The problem I'm having with understanding the theorem is due to the use of the indices. 

From what I understand the above theorem is saying that the collection of all possible sets formed by:
Taking one arbitrary basis element from each arbitrary basis $\mathcal{B}_{\alpha}$, and then taking the product of each of those basis elements 
forms a basis for the box topology $\prod_{\alpha \in J} X_{\alpha}$. 

Is my understanding correct? 
I apologize in advance if this question is somewhat vague.
 A: Yes, your interpretation is correct.  The open sets in the box topology on $\displaystyle \prod_{\alpha \in J} X_\alpha$ will be unions of basis elements.  The basis elements are of the form $\displaystyle \prod_{\alpha \in J} B_\alpha$, where each $B_\alpha$ is some basis element for $X_\alpha$.
Perhaps more simply, the basis for the box topology can be defined in terms of open sets.  That is, $\displaystyle \prod_{\alpha \in J} X_\alpha$ has as a basis $\displaystyle \left\{ \prod_{\alpha \in J} U_\alpha \ \Big| \ U_\alpha \text{ is open in } X_\alpha \right\}$.

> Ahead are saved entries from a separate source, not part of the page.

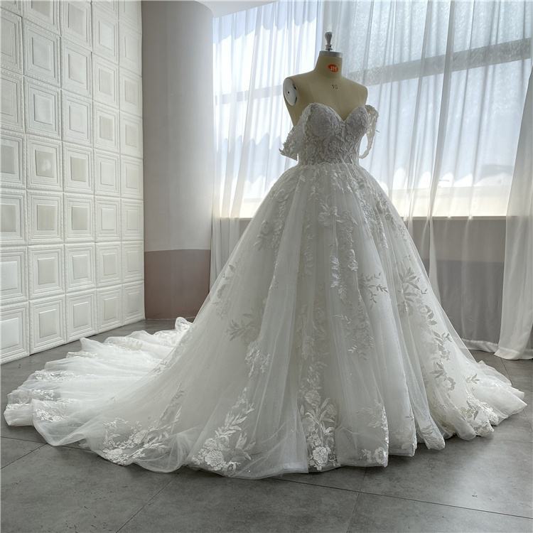 Noble mariée hors épaule cathédrale robe de mariée de l'église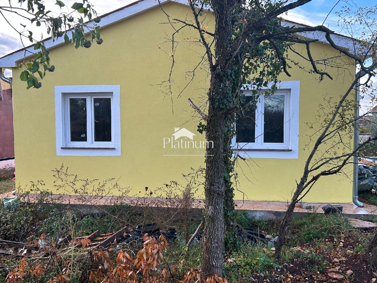 Opis: U Čabrunićima, prodaje se ova lijepa prizemnica koja se sastoji od dnevnog boravka s kuhinjom i blagovaonom (iz kojih se izlazi na natkrivenu terasu 9m2), dvije spavaće sobe i kupatila.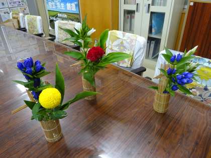 彩(いろどり) 公開日 2024/09/10 更新日 2024/09/10 学校の様子 地域の方が毎月お花を生けに来てくださいます。 今月のお花は「ピンポン菊」「リンドウ」などです。 校長室に生けてくださった花がとても映えます。 校長室以外にも、いろんなところにお花をいけてくださっています。 いろどり豊かな学校です。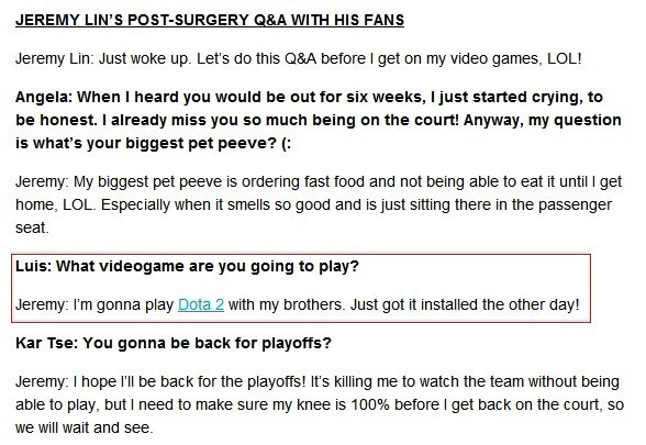 NBA新星林书豪近期刚做完手术,需要养伤六周左右,不少粉丝十分关心他的近况,他也通过Facebook和众多粉丝进行了交流。期间有位粉丝询问他养伤期间打算玩什么视频游戏,林书豪毫不犹豫地表示,他准备和兄弟一起玩DotA2。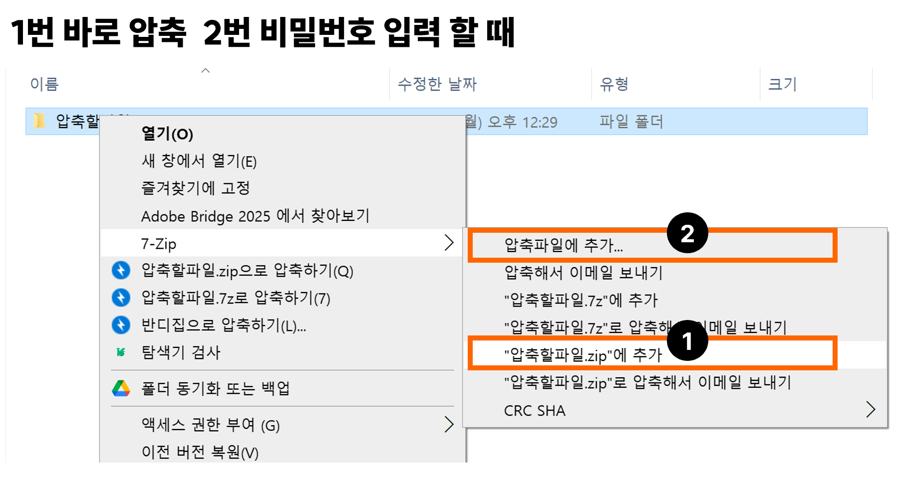 폴더나 파일을 선택하고 오른쪽 마우스 클릭

As a side note, we typically choose the product topology over the box topology in practice; I'm sure this'll come up shortly in Munkres.  The product topology is defined as we defined the box topology in the second paragraph above, but with the added stipulation that $U_\alpha = X_\alpha$ for all but finitely many $\alpha \in J$.  Though this seemingly more complicated, the product topology satisfies more "desirable" things.  Some examples off the top of my head include:


*

*The product of compact spaces will be compact.  

*A function $f: Y \rightarrow \displaystyle \prod_{\alpha \in J} X_\alpha$ is continuous $\iff$ each $(\pi_\alpha \circ f): Y \rightarrow X_\alpha$ is continuous, where $\pi_\alpha$ denotes the projection map from the product space onto $X_\alpha$.
Lastly, note that the product topology and the box topology are the same thing unless we are looking at the product of infinitely many $X_\alpha$.